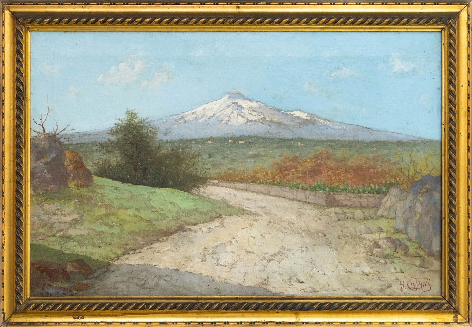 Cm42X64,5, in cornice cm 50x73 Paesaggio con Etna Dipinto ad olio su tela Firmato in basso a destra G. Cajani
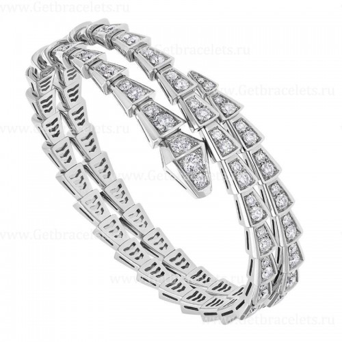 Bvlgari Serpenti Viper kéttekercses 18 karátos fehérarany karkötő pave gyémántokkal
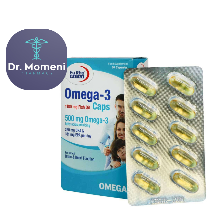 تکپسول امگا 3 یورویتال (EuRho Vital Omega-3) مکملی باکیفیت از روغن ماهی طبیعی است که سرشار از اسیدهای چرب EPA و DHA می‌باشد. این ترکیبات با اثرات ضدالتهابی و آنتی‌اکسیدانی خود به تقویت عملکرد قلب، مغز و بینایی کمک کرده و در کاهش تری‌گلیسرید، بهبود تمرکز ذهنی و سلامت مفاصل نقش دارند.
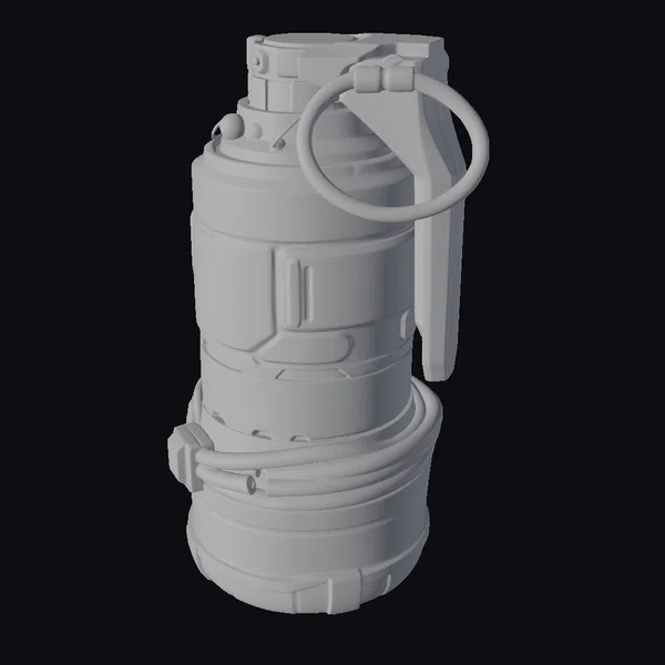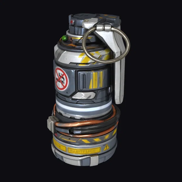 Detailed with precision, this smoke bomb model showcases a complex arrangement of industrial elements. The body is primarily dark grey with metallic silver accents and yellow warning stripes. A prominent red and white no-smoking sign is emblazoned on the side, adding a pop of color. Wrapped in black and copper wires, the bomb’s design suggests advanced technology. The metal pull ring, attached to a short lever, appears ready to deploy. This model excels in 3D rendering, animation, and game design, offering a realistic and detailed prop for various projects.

-=-=-=-=-

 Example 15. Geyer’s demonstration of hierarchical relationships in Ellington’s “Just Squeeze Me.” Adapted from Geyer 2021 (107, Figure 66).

-=-=-=-=-

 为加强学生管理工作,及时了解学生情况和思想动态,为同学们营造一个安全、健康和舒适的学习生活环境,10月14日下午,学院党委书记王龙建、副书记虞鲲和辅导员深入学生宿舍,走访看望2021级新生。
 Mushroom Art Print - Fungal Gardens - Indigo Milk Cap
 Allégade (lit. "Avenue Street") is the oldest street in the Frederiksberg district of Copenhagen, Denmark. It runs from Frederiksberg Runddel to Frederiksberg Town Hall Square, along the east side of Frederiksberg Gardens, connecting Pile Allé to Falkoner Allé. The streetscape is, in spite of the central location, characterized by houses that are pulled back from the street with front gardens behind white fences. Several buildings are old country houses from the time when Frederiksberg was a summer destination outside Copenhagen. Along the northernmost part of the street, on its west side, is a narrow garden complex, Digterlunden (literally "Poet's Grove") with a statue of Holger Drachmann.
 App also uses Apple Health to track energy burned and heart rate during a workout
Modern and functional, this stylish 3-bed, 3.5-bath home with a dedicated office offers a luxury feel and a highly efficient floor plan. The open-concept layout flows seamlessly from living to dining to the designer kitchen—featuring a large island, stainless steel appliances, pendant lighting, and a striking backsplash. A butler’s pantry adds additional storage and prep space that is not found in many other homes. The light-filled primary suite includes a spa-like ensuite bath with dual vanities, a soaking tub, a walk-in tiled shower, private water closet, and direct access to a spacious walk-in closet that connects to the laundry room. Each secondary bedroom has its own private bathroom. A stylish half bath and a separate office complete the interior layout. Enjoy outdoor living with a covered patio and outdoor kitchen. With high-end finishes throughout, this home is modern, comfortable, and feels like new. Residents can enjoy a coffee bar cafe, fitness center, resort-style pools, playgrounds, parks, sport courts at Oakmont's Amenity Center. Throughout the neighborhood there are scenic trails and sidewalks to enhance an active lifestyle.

-=-=-=-=-

# [Problem details]
From the material above, set down exactly the lines starting at the one with "为加强学生管理工作,及时了解" and ending at the one with "of Holger Drachmann.", end lines included.

# [Task result]
 为加强学生管理工作,及时了解学生情况和思想动态,为同学们营造一个安全、健康和舒适的学习生活环境,10月14日下午,学院党委书记王龙建、副书记虞鲲和辅导员深入学生宿舍,走访看望2021级新生。
 Mushroom Art Print - Fungal Gardens - Indigo Milk Cap
 Allégade (lit. "Avenue Street") is the oldest street in the Frederiksberg district of Copenhagen, Denmark. It runs from Frederiksberg Runddel to Frederiksberg Town Hall Square, along the east side of Frederiksberg Gardens, connecting Pile Allé to Falkoner Allé. The streetscape is, in spite of the central location, characterized by houses that are pulled back from the street with front gardens behind white fences. Several buildings are old country houses from the time when Frederiksberg was a summer destination outside Copenhagen. Along the northernmost part of the street, on its west side, is a narrow garden complex, Digterlunden (literally "Poet's Grove") with a statue of Holger Drachmann.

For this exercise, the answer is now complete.